Exercise details: Output the span of lines from the one that contains "This thesis aims" through the end of the records, inclusive, exactly as written and free of pictures.
● ● ● ● ●
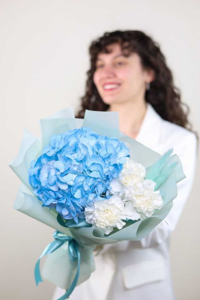 Состав: гортензия, стойкие диантусы и сухоцветы.
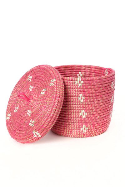 Pink and White Blossom Lidded Storage Basket
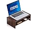 Stow laptop underneath monitor riser for space-saving storage
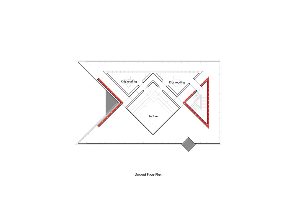 The function of the Tianya books is cafe, lecture and bookstore. The bookstore is divided into a general reading area and a children’s reading area. These functions need to be arranged in layers. The architects placed the children’s reading area and the lecture area on the second floor, which also compensates for the loss of area due to the preservation of the banyan tree. To ensure the continuity of the glass box around the perimeter. This partial second floor was to be completely disconnected from the facade to create a house within house type of space. The architects chose a triangular shape for the staircase and second floor plan and echoed the triangular outdoor space on the west side formed to preserve the Ficus tree.
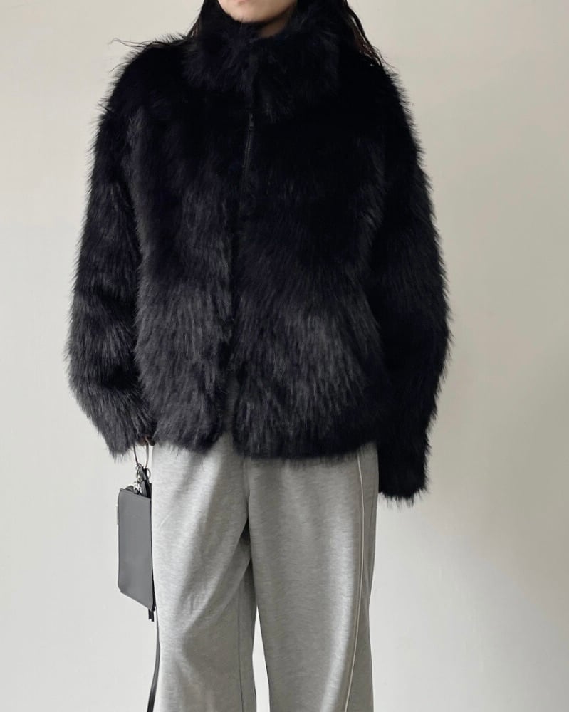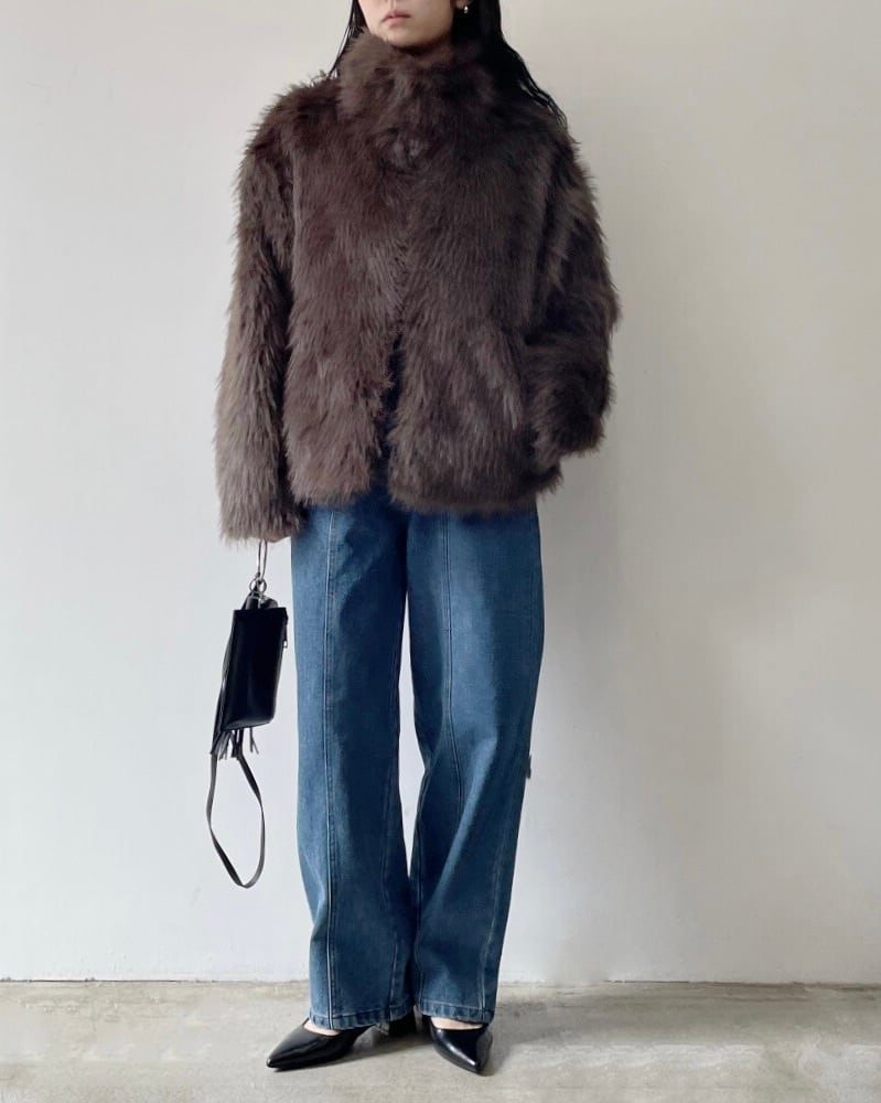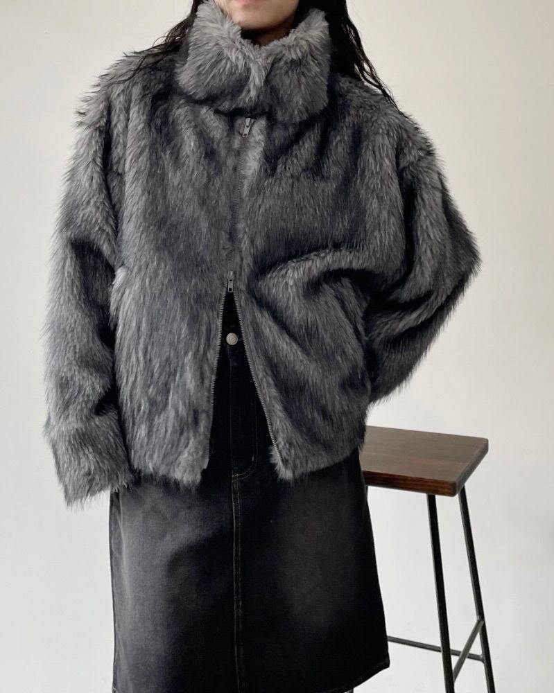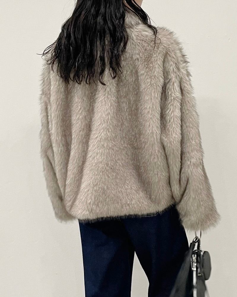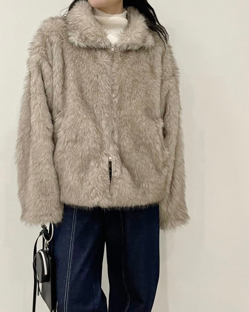 ふんわりとした手触りと上品な光沢が魅力のフェイクファージャケット。
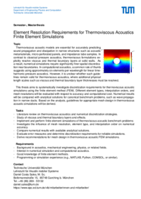 This thesis aims to systematically investigate discretization requirements for thermoviscous acoustic simulations using the finite element method (FEM). Different element types, interpolation orders, and mesh resolutions will be evaluated with respect to accuracy and computational cost. Numerical results will be compared with analytical solutions for canonical benchmark problems, such as wave propagation in narrow ducts. Based on the analysis, guidelines for appropriate mesh design in thermoviscous acoustic simulations will be derived.
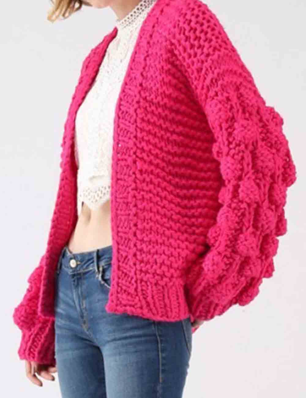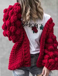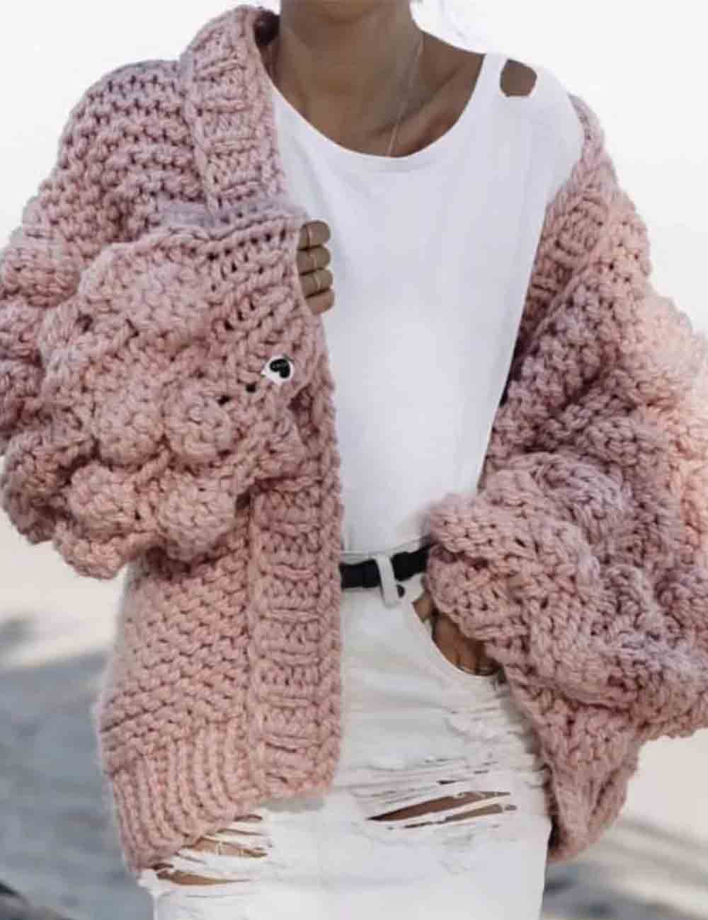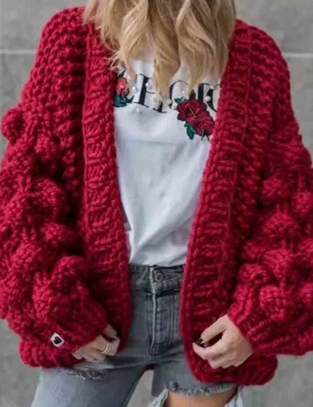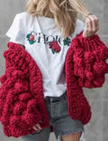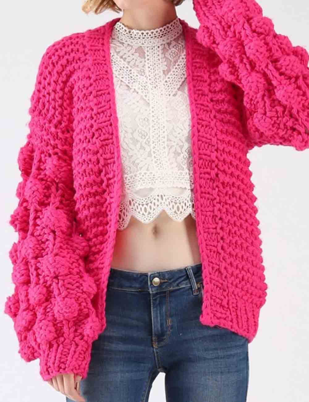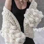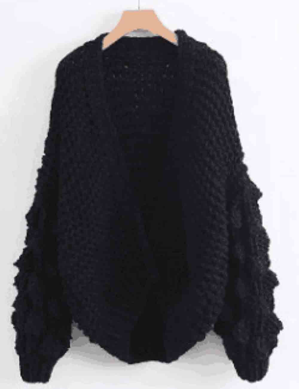 Ladies Solid Color Lantern Sleeves Open Front Chunky Knit Cardigan
● ● ● ● ●
Answer for this exercise:
 This thesis aims to systematically investigate discretization requirements for thermoviscous acoustic simulations using the finite element method (FEM). Different element types, interpolation orders, and mesh resolutions will be evaluated with respect to accuracy and computational cost. Numerical results will be compared with analytical solutions for canonical benchmark problems, such as wave propagation in narrow ducts. Based on the analysis, guidelines for appropriate mesh design in thermoviscous acoustic simulations will be derived.
 Ladies Solid Color Lantern Sleeves Open Front Chunky Knit Cardigan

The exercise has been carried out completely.